*** Opening EXTRACTED ENTRIES ***

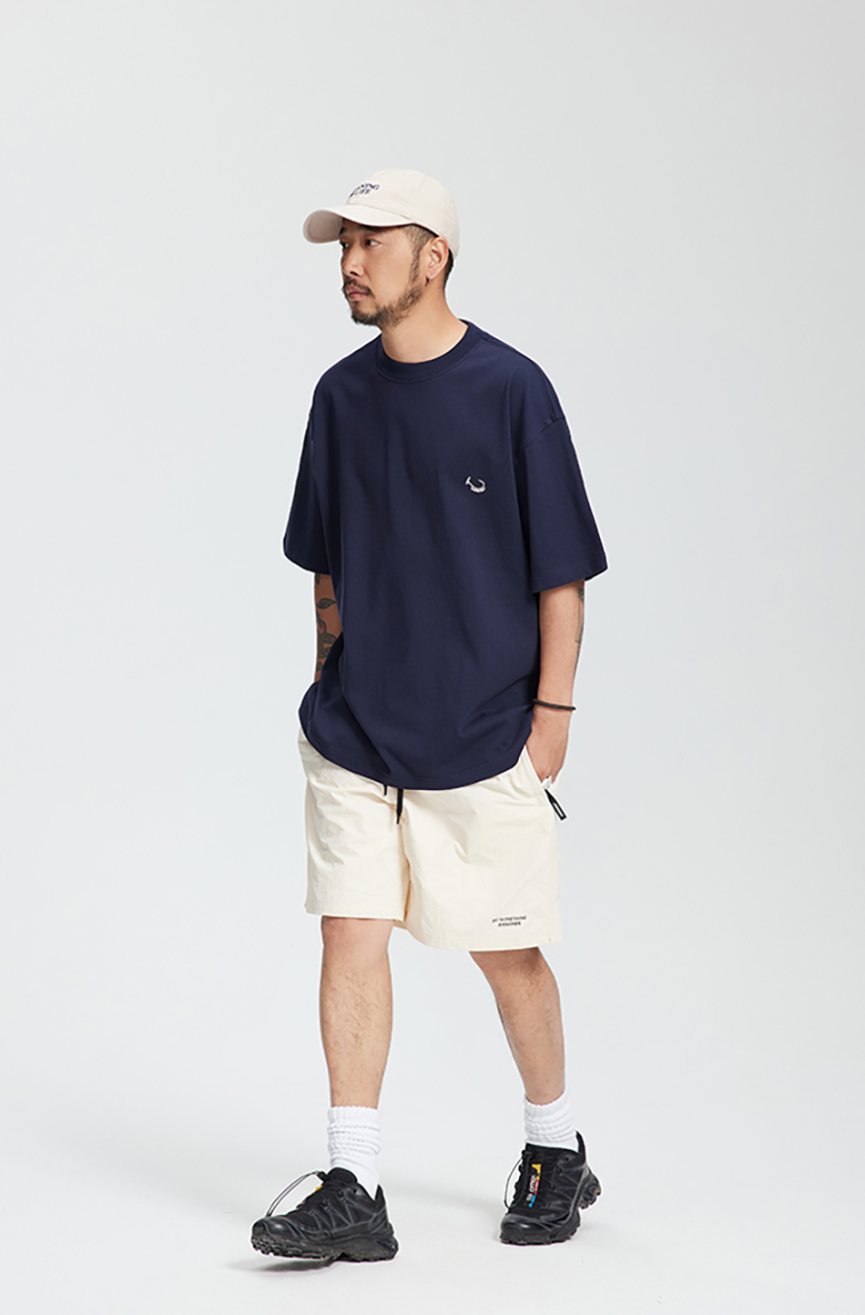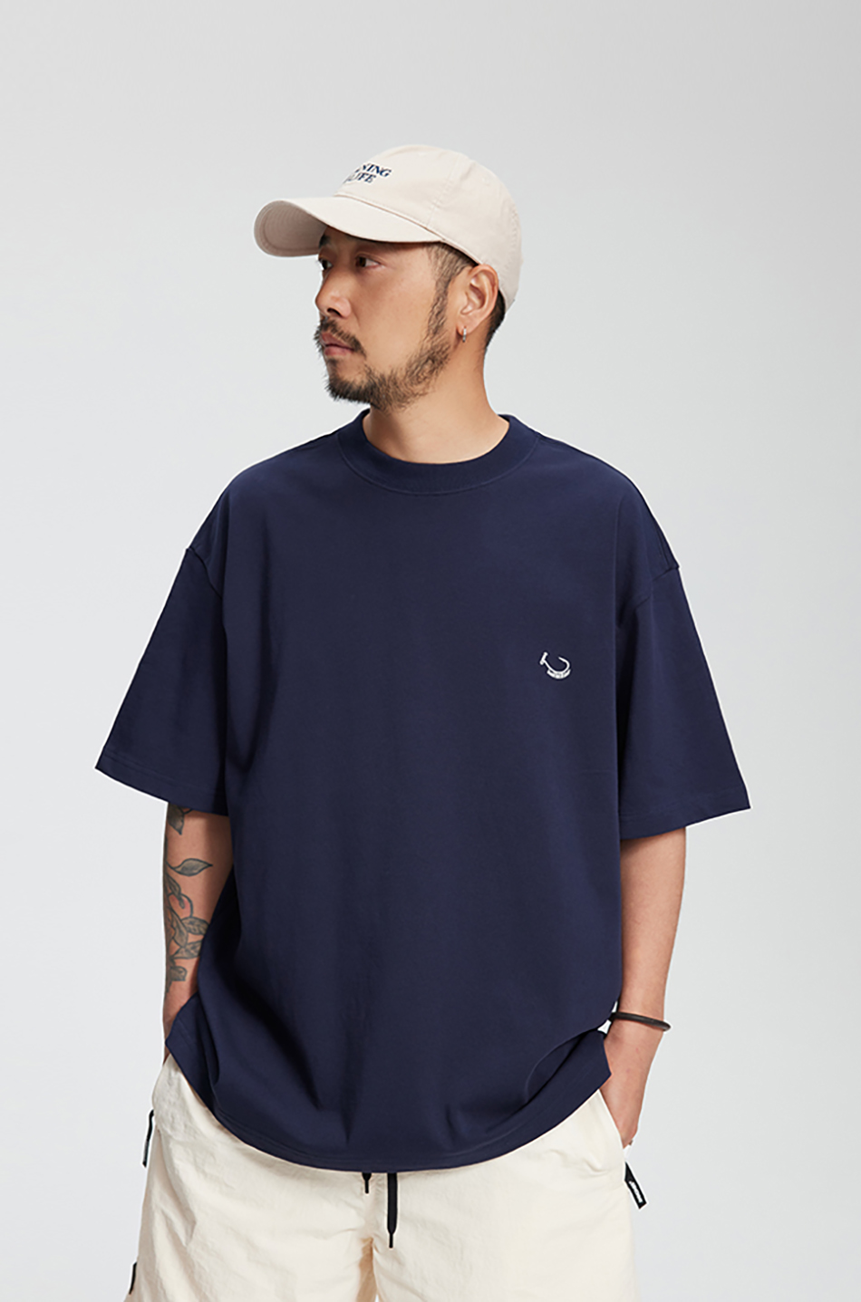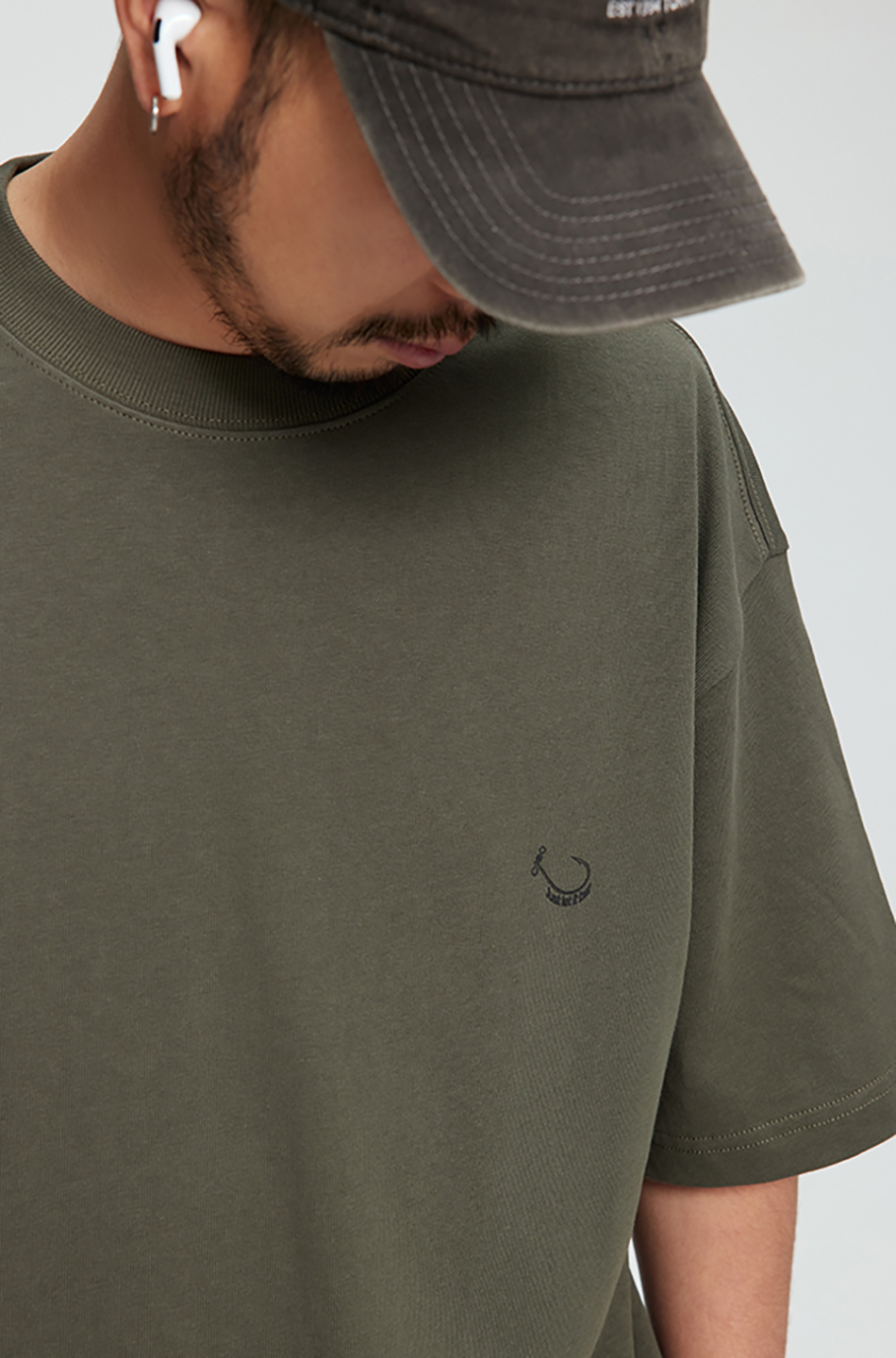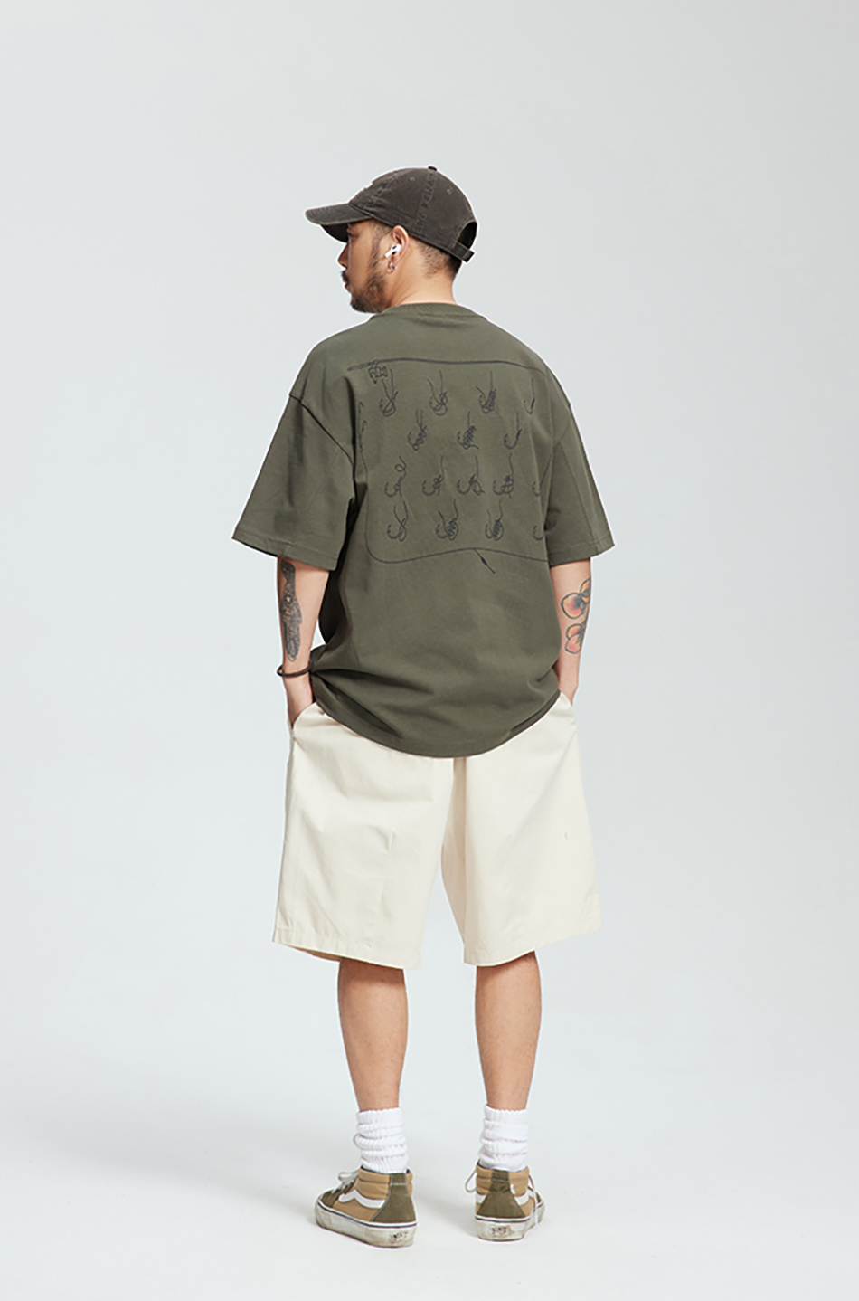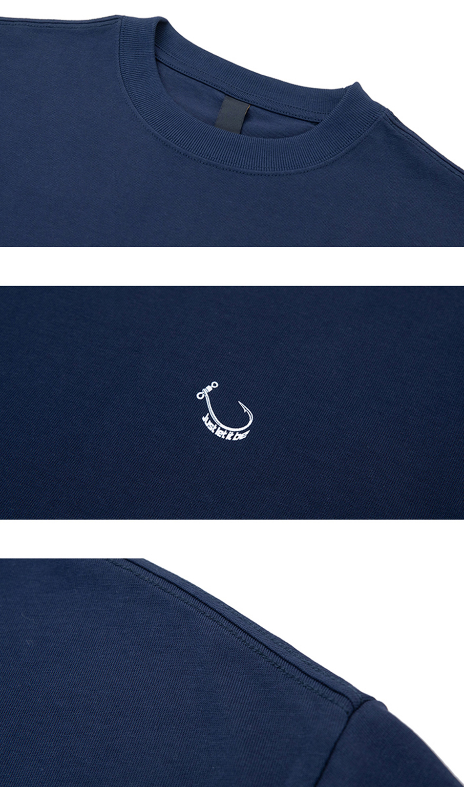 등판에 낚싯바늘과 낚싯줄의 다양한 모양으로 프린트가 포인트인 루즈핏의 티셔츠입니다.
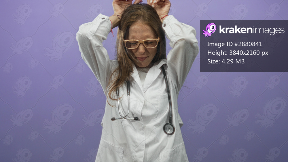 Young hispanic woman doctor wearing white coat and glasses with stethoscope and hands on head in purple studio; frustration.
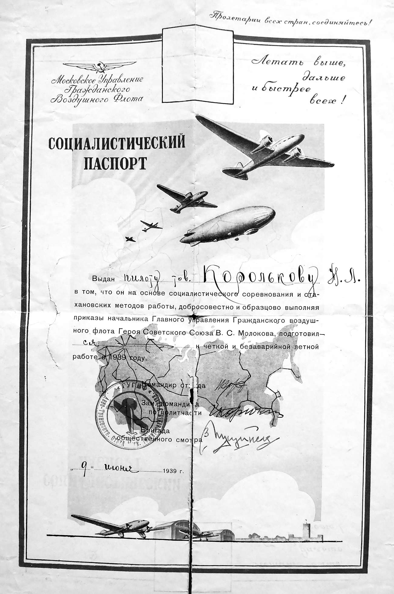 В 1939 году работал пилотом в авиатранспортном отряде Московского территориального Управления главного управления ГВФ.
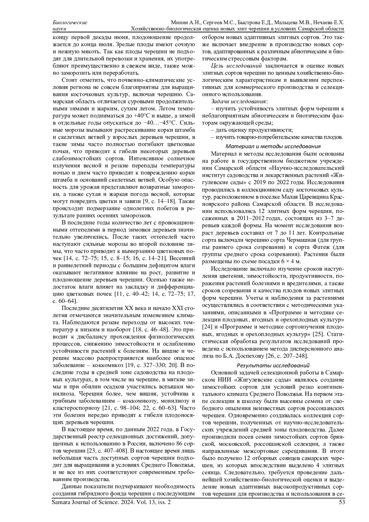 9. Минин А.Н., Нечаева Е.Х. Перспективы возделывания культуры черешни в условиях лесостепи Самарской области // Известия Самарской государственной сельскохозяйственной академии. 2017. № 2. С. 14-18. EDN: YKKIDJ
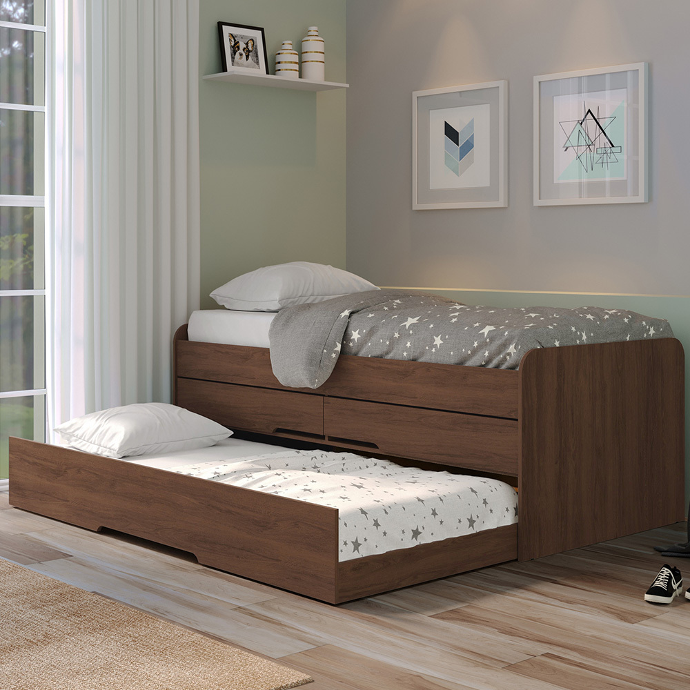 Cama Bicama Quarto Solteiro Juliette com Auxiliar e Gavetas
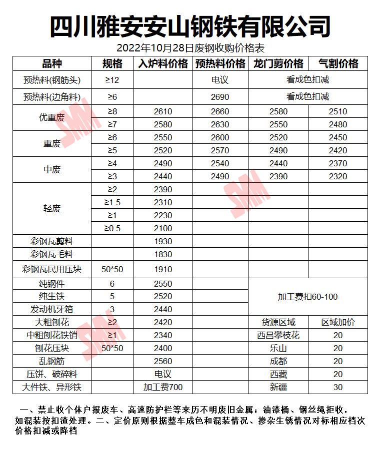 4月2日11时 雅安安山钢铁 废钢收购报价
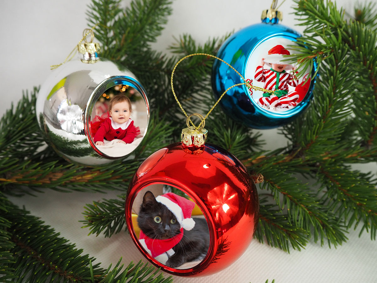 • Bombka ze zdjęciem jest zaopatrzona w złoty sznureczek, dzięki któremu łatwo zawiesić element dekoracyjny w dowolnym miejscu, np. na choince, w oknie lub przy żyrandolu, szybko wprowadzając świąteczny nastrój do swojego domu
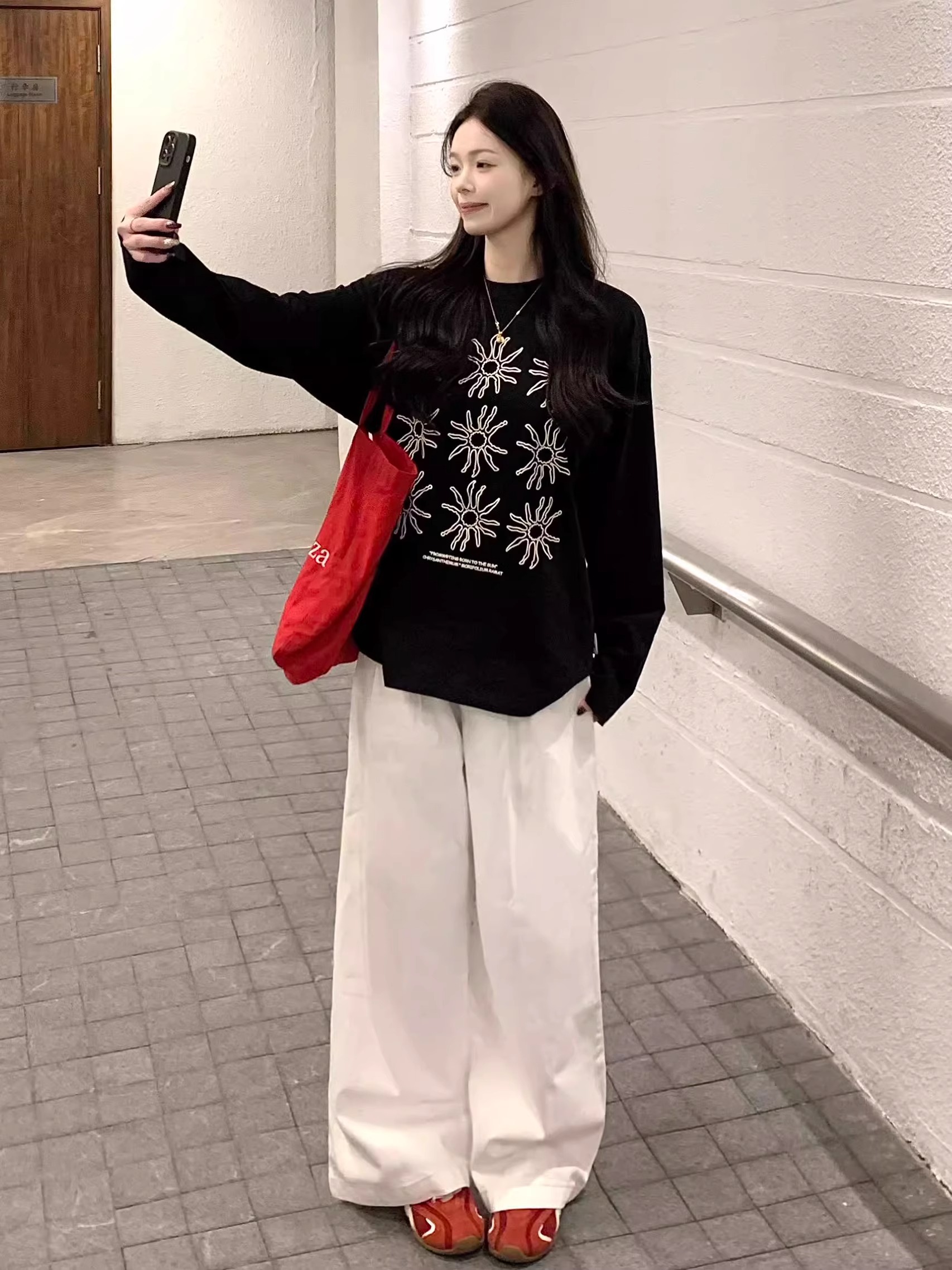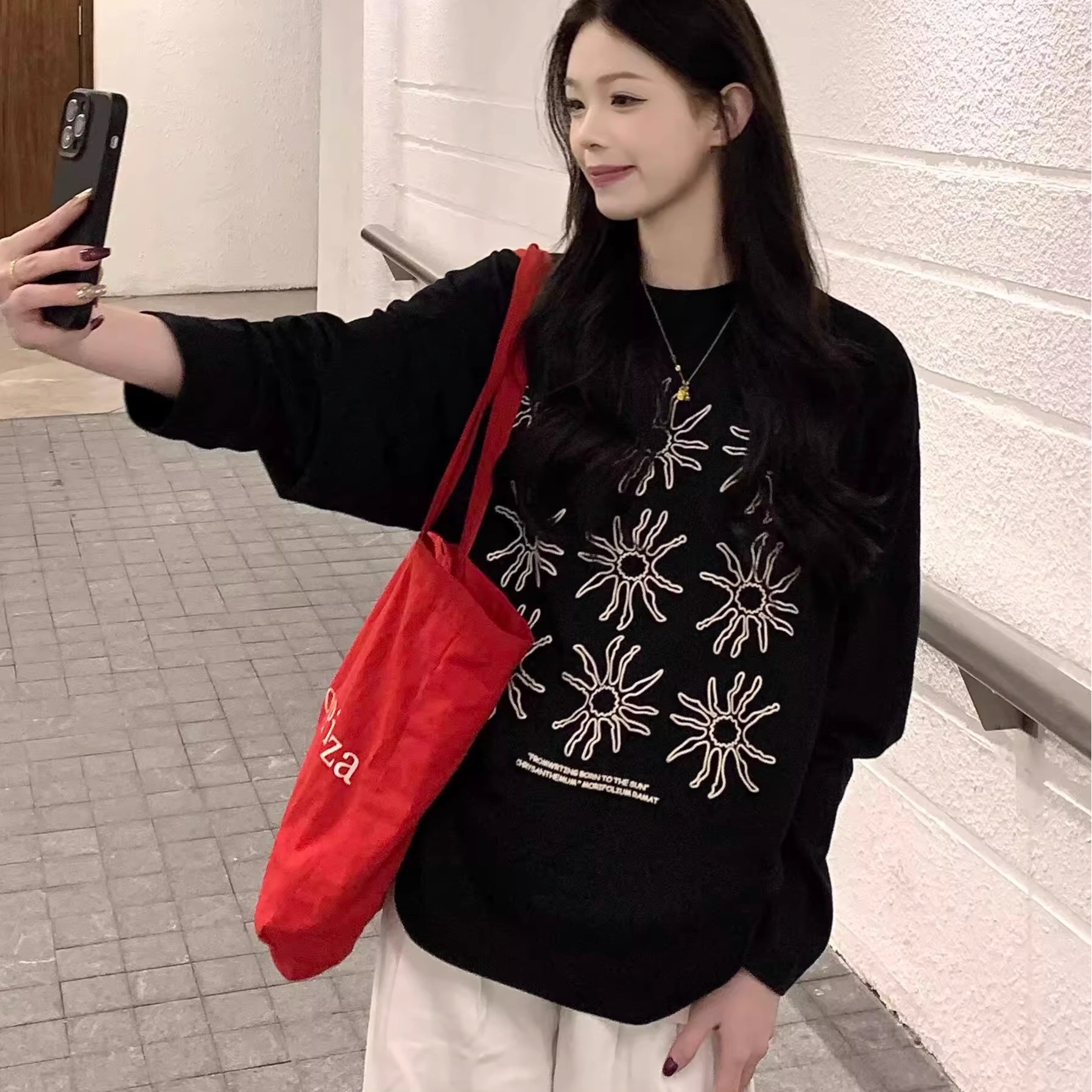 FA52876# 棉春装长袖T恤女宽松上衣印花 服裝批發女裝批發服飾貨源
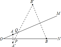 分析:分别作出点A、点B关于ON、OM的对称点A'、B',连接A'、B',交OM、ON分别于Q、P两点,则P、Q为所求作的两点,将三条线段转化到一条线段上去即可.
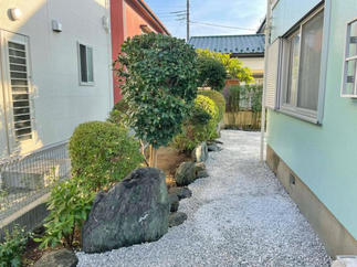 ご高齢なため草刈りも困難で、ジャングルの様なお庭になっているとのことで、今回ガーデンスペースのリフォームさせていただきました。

*** Closing EXTRACTED ENTRIES ***

WHAT YOU HAVE TO DO
Pictures stay out; the data above is to be returned exactly.

RESULT
 등판에 낚싯바늘과 낚싯줄의 다양한 모양으로 프린트가 포인트인 루즈핏의 티셔츠입니다.
 Young hispanic woman doctor wearing white coat and glasses with stethoscope and hands on head in purple studio; frustration.
 В 1939 году работал пилотом в авиатранспортном отряде Московского территориального Управления главного управления ГВФ.
 9. Минин А.Н., Нечаева Е.Х. Перспективы возделывания культуры черешни в условиях лесостепи Самарской области // Известия Самарской государственной сельскохозяйственной академии. 2017. № 2. С. 14-18. EDN: YKKIDJ
 Cama Bicama Quarto Solteiro Juliette com Auxiliar e Gavetas
 4月2日11时 雅安安山钢铁 废钢收购报价
 • Bombka ze zdjęciem jest zaopatrzona w złoty sznureczek, dzięki któremu łatwo zawiesić element dekoracyjny w dowolnym miejscu, np. na choince, w oknie lub przy żyrandolu, szybko wprowadzając świąteczny nastrój do swojego domu
 FA52876# 棉春装长袖T恤女宽松上衣印花 服裝批發女裝批發服飾貨源
 分析:分别作出点A、点B关于ON、OM的对称点A'、B',连接A'、B',交OM、ON分别于Q、P两点,则P、Q为所求作的两点,将三条线段转化到一条线段上去即可.
 ご高齢なため草刈りも困難で、ジャングルの様なお庭になっているとのことで、今回ガーデンスペースのリフォームさせていただきました。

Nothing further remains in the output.